DIRECTIONS:
Transcribe the data below verbatim from the line with "تصویر استایل جدید" to the line with "- Komorebi (japonés): el". Include both of those lines.

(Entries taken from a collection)
<<<<
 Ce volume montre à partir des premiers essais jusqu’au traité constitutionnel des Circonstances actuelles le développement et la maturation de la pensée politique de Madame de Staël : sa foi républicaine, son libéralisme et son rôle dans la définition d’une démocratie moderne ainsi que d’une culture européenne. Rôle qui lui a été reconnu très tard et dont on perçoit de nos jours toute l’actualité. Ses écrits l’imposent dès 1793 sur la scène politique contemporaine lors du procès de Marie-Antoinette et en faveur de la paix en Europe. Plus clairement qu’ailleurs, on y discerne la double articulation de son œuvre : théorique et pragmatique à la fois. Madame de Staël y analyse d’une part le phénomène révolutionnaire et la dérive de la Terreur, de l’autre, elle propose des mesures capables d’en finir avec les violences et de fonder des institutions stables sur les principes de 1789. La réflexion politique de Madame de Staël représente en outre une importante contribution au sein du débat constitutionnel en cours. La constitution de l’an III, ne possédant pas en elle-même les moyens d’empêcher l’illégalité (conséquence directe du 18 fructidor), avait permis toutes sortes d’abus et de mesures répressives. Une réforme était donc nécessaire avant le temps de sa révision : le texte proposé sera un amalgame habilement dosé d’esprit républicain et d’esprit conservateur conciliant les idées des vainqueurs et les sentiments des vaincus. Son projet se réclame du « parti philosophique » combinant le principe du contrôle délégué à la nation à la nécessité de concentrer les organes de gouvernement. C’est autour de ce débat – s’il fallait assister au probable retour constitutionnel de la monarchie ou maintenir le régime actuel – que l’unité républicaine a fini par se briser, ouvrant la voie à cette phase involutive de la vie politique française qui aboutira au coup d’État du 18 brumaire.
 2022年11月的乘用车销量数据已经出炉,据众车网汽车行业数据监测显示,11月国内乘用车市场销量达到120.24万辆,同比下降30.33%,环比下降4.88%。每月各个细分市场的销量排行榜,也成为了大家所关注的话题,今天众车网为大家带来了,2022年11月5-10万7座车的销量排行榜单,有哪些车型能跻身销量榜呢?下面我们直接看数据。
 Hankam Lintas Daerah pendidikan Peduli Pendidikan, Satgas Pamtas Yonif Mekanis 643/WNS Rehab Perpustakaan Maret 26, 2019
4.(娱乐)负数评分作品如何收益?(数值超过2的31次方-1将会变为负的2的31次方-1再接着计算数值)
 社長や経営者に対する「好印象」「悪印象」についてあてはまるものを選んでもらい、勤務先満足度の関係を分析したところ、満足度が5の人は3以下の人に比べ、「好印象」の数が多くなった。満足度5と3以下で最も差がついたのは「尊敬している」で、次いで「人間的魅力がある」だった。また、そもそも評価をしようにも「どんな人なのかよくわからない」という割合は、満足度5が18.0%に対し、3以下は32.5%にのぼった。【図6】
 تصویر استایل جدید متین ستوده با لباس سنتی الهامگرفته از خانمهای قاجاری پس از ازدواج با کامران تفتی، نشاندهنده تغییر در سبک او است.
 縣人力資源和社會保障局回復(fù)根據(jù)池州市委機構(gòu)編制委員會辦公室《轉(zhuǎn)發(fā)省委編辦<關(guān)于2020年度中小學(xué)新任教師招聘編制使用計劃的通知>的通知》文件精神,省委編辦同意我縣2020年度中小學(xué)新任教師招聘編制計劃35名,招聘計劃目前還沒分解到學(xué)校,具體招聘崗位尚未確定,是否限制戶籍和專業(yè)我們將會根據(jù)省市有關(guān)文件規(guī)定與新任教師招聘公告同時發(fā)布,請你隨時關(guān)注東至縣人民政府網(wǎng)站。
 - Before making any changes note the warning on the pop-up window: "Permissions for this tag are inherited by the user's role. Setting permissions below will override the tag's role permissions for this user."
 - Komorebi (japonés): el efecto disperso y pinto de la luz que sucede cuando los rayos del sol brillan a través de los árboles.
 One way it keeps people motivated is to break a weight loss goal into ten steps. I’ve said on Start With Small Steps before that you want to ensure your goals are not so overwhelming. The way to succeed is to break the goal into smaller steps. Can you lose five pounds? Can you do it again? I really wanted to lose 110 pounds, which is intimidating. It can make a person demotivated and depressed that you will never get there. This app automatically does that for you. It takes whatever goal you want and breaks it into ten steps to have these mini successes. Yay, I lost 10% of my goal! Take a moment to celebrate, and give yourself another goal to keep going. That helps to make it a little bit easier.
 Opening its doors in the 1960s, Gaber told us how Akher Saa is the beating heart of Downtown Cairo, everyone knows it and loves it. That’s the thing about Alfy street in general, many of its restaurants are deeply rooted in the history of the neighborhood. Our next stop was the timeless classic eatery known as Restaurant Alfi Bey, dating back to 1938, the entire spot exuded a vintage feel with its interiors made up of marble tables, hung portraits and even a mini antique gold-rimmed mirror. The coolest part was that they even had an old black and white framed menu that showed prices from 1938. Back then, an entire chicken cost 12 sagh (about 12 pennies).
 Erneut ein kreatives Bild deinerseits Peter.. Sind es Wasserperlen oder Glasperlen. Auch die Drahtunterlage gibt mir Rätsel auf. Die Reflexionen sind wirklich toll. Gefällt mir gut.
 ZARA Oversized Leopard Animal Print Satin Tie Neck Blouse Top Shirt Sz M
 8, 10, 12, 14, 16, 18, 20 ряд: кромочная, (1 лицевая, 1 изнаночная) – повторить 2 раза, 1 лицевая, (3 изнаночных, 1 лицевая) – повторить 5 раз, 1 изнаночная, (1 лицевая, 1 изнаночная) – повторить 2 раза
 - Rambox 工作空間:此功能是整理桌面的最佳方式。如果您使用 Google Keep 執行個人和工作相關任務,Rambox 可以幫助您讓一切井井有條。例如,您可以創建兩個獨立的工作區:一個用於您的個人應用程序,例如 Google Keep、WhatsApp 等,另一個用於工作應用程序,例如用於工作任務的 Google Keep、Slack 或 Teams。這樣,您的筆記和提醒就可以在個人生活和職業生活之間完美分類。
>>>>
TASK RESULT:
 تصویر استایل جدید متین ستوده با لباس سنتی الهامگرفته از خانمهای قاجاری پس از ازدواج با کامران تفتی، نشاندهنده تغییر در سبک او است.
 縣人力資源和社會保障局回復(fù)根據(jù)池州市委機構(gòu)編制委員會辦公室《轉(zhuǎn)發(fā)省委編辦<關(guān)于2020年度中小學(xué)新任教師招聘編制使用計劃的通知>的通知》文件精神,省委編辦同意我縣2020年度中小學(xué)新任教師招聘編制計劃35名,招聘計劃目前還沒分解到學(xué)校,具體招聘崗位尚未確定,是否限制戶籍和專業(yè)我們將會根據(jù)省市有關(guān)文件規(guī)定與新任教師招聘公告同時發(fā)布,請你隨時關(guān)注東至縣人民政府網(wǎng)站。
 - Before making any changes note the warning on the pop-up window: "Permissions for this tag are inherited by the user's role. Setting permissions below will override the tag's role permissions for this user."
 - Komorebi (japonés): el efecto disperso y pinto de la luz que sucede cuando los rayos del sol brillan a través de los árboles.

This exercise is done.